ドアが閉じられると、珈琲の匂いに包まれた。ホール内はマホガニーの卓が緩やかな曲線を描いて並べられ、その間に仕切のように並べられた観葉植物の緑が鮮やか変化を与えてくれる。曲線の対極の側には、一直線を貫くカウンター、美しい食器が並べられた棚があった。静けさに耳を澄ますと小川のせせらぎの如き音量で暖かい雑味のある音のクラシックが流れていた。音源を見ると窓際にレコードが置かれ稼働していた。
「いらっしゃいませ」
初老の男性が渋い声で迎えてくれた。男性は蝶ネクタイに黒のベストを纏ったウェイタースタイル。そして、容貌は銀髪のオールバックに髭を生やし、人生の深みが伺える皺が刻まれ見ているだけでこちらが落ち着く雰囲気を纏っている。
間違いない、客は一人としていないが、ここは喫茶店だ。てっきり魔術師の工房、おどろおどろしい実験室みたいなところに連れて来られると思っていたあたしは意表をつかれた。
「今は客じゃない。主としてきた」
「分かりました。それでは、どういった御用でしょうか?」
麝侯の言葉に男性から営業スマイルは消え、石に彫ったかのような実直な表情に変わる。
「喜んでくれたまえ。かねてより捜していたボクの想像に合う娘がやっと見つかった。これで我が浪漫がまた一歩完成に近付いた」
麝侯は背後にいたあたしの背を押してマスターの前に出した。
「それは喜ばしいことです」
男性は裸の上にジャケットを羽織っただけのあたしの恰好を見ても眉一つ顰めない、驚いて尋ねない。主である麝侯の命に唯々諾々と従う。

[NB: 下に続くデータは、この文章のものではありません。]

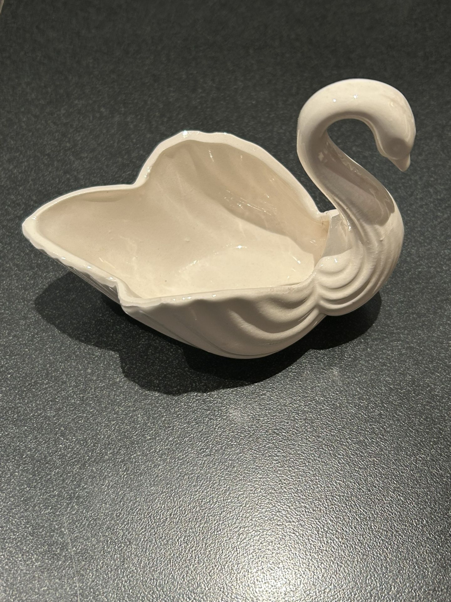 Ornate white porcelain swan. Measures 4 1/2” L, 2 1/2”W, 3 1/2” H. Clean. From smoke free home.

「早速この娘に、かねてより用意していたあの服を着させてやってくれ」
「分かりました」
麝侯は、あたしに何の説明をせず男性と勝手に話を進めていく。
「セウ君」
「はい」
「取り敢えず増田の指示に従ってくれたまえ」
あの服って何?ここはどこ?彼は誰などと疑問の表情で固まっているあたしに麝侯は何の説明もしない。
「それからセウ君の着替えが終わったら。食事を事務所の方に持ってこさせてくれ」
「事務所の方でいいのですか?」
「ああ、その方が話が早い」
「承りました」
「では、失礼する」
言うだけ言うとさっさと立ち去っていく麝侯。結局あたしが男性に紹介されることはなかった。裸同然の姿の上に、見知らぬ男と二人っきりにされる。その心細さにあたしの足は小さく震えていた。しっかりしろ。あたしは悪魔に魂を売ってでも復讐をすると誓ったんだ。
「では着いて来てください」
男性に着いてバックヤードを暫く歩くとシャワー室に着いた。風呂場、あたしにとって風呂場すら憩いの場でなかった。あたしはフラッシュバックする記憶に鳥肌が立つのを感じた。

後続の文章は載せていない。